• PROBLEM: For this exercise, copy each line of the records that contains the word "können".

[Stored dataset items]
╔══

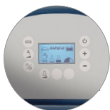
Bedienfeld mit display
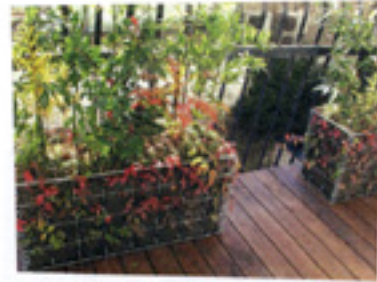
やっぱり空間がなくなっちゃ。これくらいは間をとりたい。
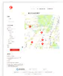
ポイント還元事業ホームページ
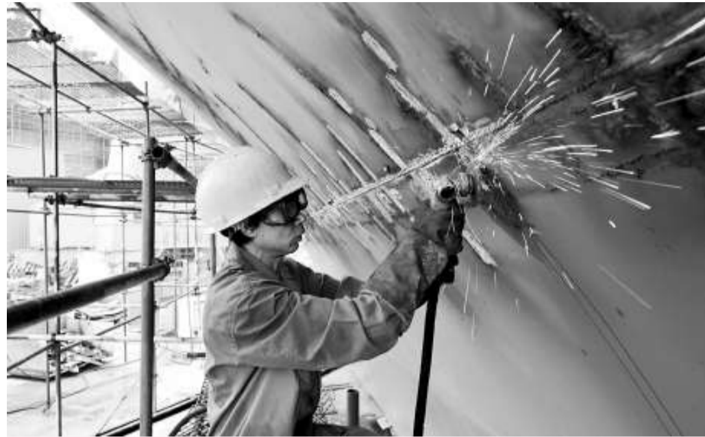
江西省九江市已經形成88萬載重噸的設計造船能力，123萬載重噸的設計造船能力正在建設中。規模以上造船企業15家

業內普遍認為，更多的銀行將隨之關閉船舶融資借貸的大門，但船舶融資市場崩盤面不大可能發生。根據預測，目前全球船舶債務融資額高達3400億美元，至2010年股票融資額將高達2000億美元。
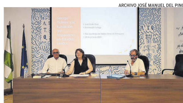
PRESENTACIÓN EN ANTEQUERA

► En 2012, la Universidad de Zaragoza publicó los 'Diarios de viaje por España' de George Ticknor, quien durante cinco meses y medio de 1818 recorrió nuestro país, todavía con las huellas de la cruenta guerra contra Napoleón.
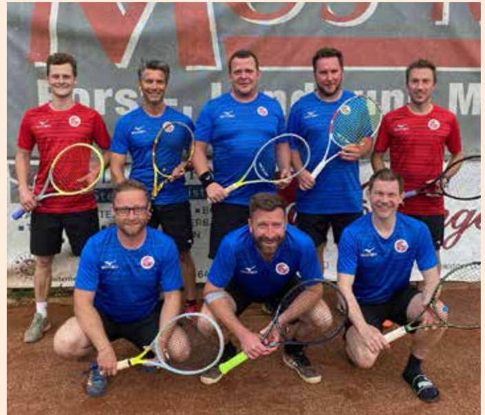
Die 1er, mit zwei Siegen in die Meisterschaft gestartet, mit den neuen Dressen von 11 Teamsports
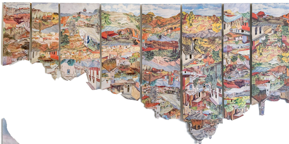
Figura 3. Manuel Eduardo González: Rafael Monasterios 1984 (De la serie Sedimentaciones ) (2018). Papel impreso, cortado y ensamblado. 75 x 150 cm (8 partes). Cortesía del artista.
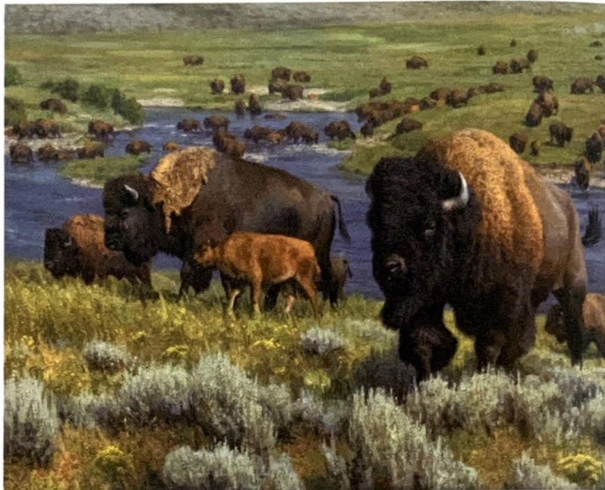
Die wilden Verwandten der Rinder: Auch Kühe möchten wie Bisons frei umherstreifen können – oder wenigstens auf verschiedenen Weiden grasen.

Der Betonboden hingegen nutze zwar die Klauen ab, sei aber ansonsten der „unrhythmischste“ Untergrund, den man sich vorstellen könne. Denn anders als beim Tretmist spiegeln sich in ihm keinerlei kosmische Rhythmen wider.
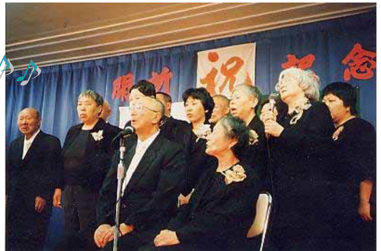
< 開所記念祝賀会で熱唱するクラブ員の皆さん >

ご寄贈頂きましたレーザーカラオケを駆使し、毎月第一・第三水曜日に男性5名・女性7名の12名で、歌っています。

╚══
╔══

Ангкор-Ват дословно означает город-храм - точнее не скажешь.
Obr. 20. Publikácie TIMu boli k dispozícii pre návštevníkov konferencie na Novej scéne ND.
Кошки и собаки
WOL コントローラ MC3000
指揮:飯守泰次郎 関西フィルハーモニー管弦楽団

╚══
╔══

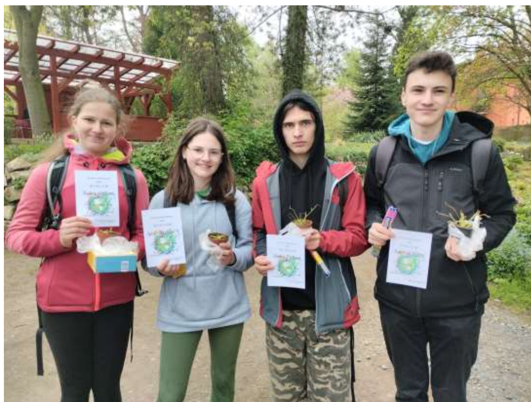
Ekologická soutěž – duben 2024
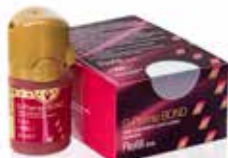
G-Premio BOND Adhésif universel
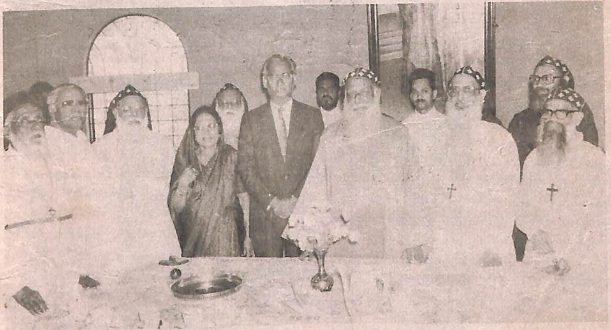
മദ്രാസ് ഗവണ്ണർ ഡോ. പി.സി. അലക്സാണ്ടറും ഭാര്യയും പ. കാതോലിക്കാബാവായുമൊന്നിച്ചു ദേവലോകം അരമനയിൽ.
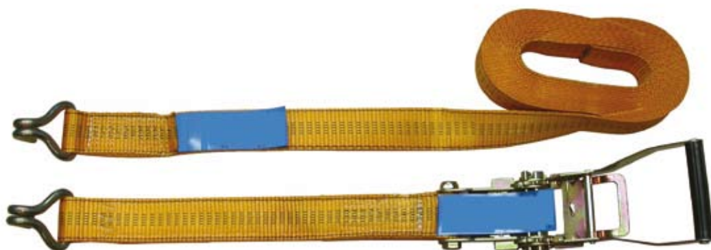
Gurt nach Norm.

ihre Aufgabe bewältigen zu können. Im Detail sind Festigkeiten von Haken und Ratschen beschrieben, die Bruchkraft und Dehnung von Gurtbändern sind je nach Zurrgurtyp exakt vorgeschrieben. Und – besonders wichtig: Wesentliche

╚══

• RESULT BELOW:
Die wilden Verwandten der Rinder: Auch Kühe möchten wie Bisons frei umherstreifen können – oder wenigstens auf verschiedenen Weiden grasen.
ihre Aufgabe bewältigen zu können. Im Detail sind Festigkeiten von Haken und Ratschen beschrieben, die Bruchkraft und Dehnung von Gurtbändern sind je nach Zurrgurtyp exakt vorgeschrieben. Und – besonders wichtig: Wesentliche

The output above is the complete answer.